Victorian global meat exports were up 28 per cent by value and 40 per cent by volume, with beef volumes up 51 per cent and sheep meat up 37 per cent.

Barley exports are up 43 per cent by volume and 26 per cent by value, but wheat was down 28 per cent on value and 13 per cent on volume.

Due to changing wine consumer demand, Victorian red wine export volumes are down 9 per cent and up just 3 per cent in value, whereas white wine export volumes are up 18 per cent and up 25 per cent in value.

Victorian farm export value to China improved only 3 per cent despite a 40 per cent lift in volume, whereas both the volume and value of exports rose to Bangladesh (up 72 per cent increase in value), the Philippines (38 per cent) and India (25 per cent).

The Allan Labor Government crows about how Victoria has already reached the VFF’s 2030 target of $20 billion in food and fibre exports, and the latest national ABARES data shows our national farmgate value was up $10 billion last reporting year to a total of $92 billion, well on track for the Coalition and National Farmers Federation’s national target of $100 billion by 2030.

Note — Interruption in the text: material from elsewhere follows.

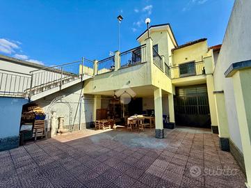 Il piano terra ospita spazi accessori molto pratici: un ampio locale adibito a dispensa e cucina estiva, un ulteriore bagno e l'ampio garage, tutti con affaccio diretto sul cortile interno completamente pavimentato, che garantisce privacy e vivibilità esterna.
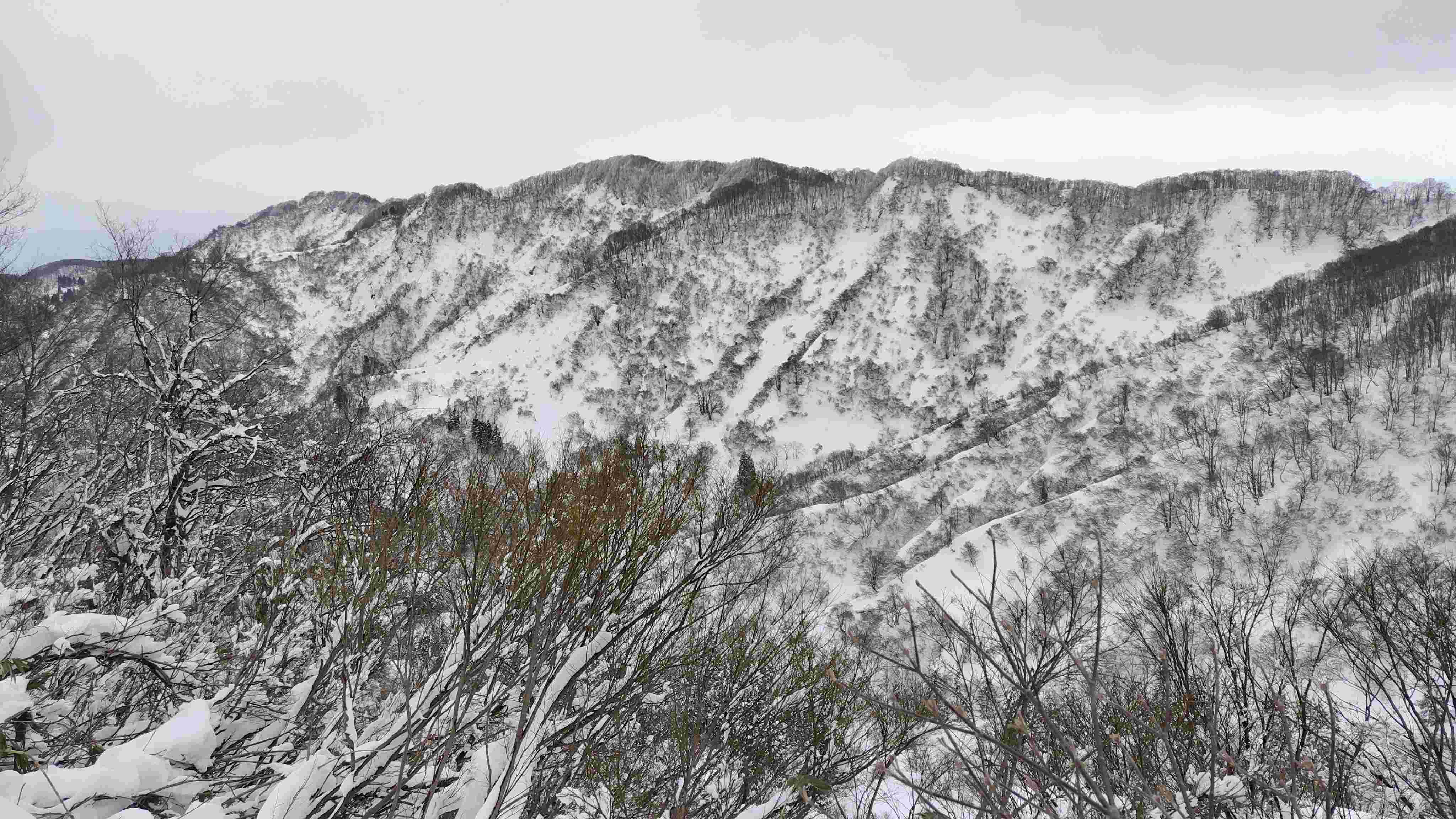 2月は暖かい日が続き長岡東山も標高400mくらいまではほとんど雪がなくなっていたが、前日からの雪で久しぶりに一面真っ白になってきれいな冬景色が戻ってきた。2月は暖かい日が続き長岡東山も標高400mくらいまではほとんど雪がなくなっていたが、前日からの雪で久しぶりに一面真っ白になってきれいな冬景色が戻ってきた。

The Prime Minister wants to have a ‘productivity roundtable’ but instead, Labor is cutting agricultural production.

Federal Labor are buying back precious irrigation water from the Murray-Darling Basin consumptive pool, and Victorian Labor aims for 95 per cent renewable energy from wind and solar industrial sites by 2035 – on prime agricultural land.

Labor aims for net zero by 2045 for Victoria, and by 2050 for the nation.

Australia’s productive agricultural golden goose is getting the chop for city-centric political targets.